Утром я нашел письмо. Оно лежало в почтовом ящике среди рекламных листовок и счетов за коммунальные услуги, обычный белый конверт без обратного адреса, и только мое имя было выведено на нем старательным женским почерком. Я сразу узнал этот почерк, хотя не видел его больше пятнадцати лет. Узнал и замер на месте, чувствуя, как сердце пропустило удар, а потом забилось с удвоенной силой, отдаваясь пульсацией в висках. Странно, как работает память: мы можем забыть голос человека, черты его лица, даже важные даты, но вот почерк — эти тонкие завитки букв, особый наклон, манера выводить заглавные «А» — все это врезается куда-то глубже сознания, в ту область, где живут самые стойкие призраки прошлого.
Я не стал открывать конверт сразу. Заварил чай, долго стоял у окна, наблюдая, как ветер треплет голые ветки старой липы во дворе, оттягивал момент, заранее зная, что это письмо изменит то хрупкое равновесие, которое я с таким трудом выстроил за эти годы. Равновесие человека, научившегося жить с незаживающей раной, притерпевшегося к постоянной фоновой боли, ставшей уже частью его самого. Я положил конверт на стол и долго смотрел на него, словно ожидая, что буквы сложатся в слова и расскажут мне все без моего участия. Но они молчали, и это молчание было красноречивее любых признаний.
За окном смеркалось, и в комнате становилось все темнее, а я все сидел неподвижно, погруженный в воспоминания, которые, словно старая кинопленка, прокручивались в моей голове.
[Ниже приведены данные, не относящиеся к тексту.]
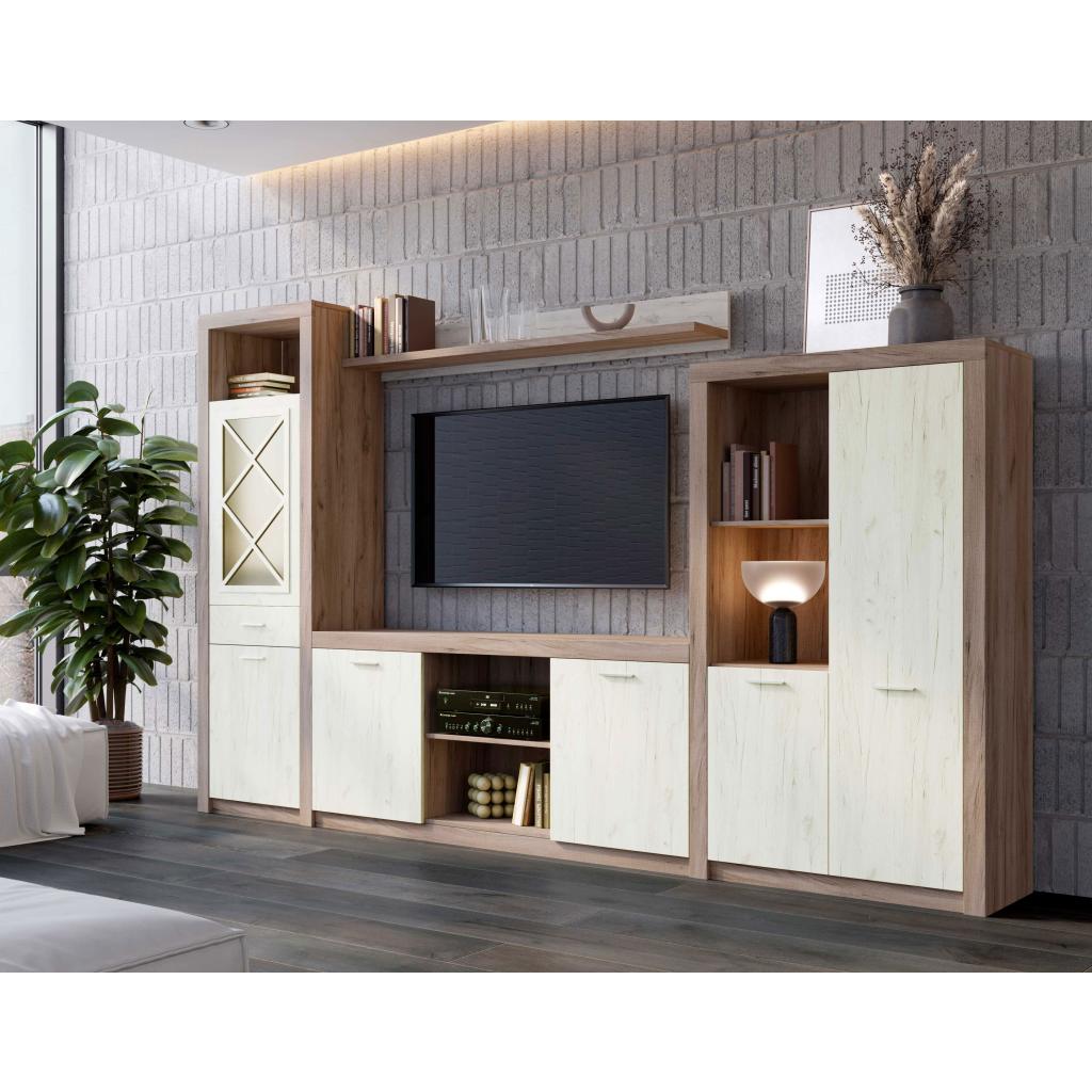 Rebajas Oferta Novedad Composición Ref: 206500000451 499,99 € Composición de estilo moderno formado por vitrina, mesa tv, bodeguero y estante. Cuenta con gran capacidad en su interior.Composición: Tablero de partículas, tablero de fibras, lámina de papel, borde de plástico, vidrio templado. Disponibilidad: Color Roble / Nordik Tamaño Vitrina 60x206x40 cm Mesa Tv 135x73x40 cm Bodeguero 90x135x40 cm Estante 135x20x21 cm Ancho x Alto x Fondo Cantidad

Вот мы с Анной идем по набережной, и она смеется, запрокидывая голову, и ее светлые волосы развеваются на ветру, а я думаю о том, что готов отдать все на свете, лишь бы этот момент никогда не заканчивался. Вот наша маленькая квартира на пятом этаже без лифта, и мы поднимаемся по лестнице, и она оглядывается на меня через плечо, и в ее глазах столько любви, что у меня перехватывает дыхание. Вот она спит, свернувшись калачиком, а я смотрю на нее и боюсь пошевелиться, чтобы не разбудить, и шепчу какие-то глупые, нежные слова, которые никогда бы не осмелился произнести вслух. А потом — пустота. Черный провал, который мое сознание отказывалось воспроизводить даже сейчас, спустя столько лет.
Я знал, что рано или поздно прошлое настигнет меня. Оно всегда настигает, как бы быстро ты ни бежал и как бы глубоко ни прятался. У прошлого есть удивительное свойство: оно терпеливо, оно умеет ждать, оно затаивается на долгие годы, но никогда не исчезает полностью. Оно живет в складках старых вещей, в случайных запахах, в обрывках мелодий, услышанных краем уха, в снах, которые мы забываем сразу после пробуждения, но которые оставляют после себя горьковатый привкус утраты. И однажды оно приходит, стучится в дверь или просто тихо просачивается сквозь замочную скважину, и ты понимаешь, что все эти годы твоя свобода была лишь иллюзией, красивой декорацией, за которой скрывалась все та же неприкаянная, израненная душа.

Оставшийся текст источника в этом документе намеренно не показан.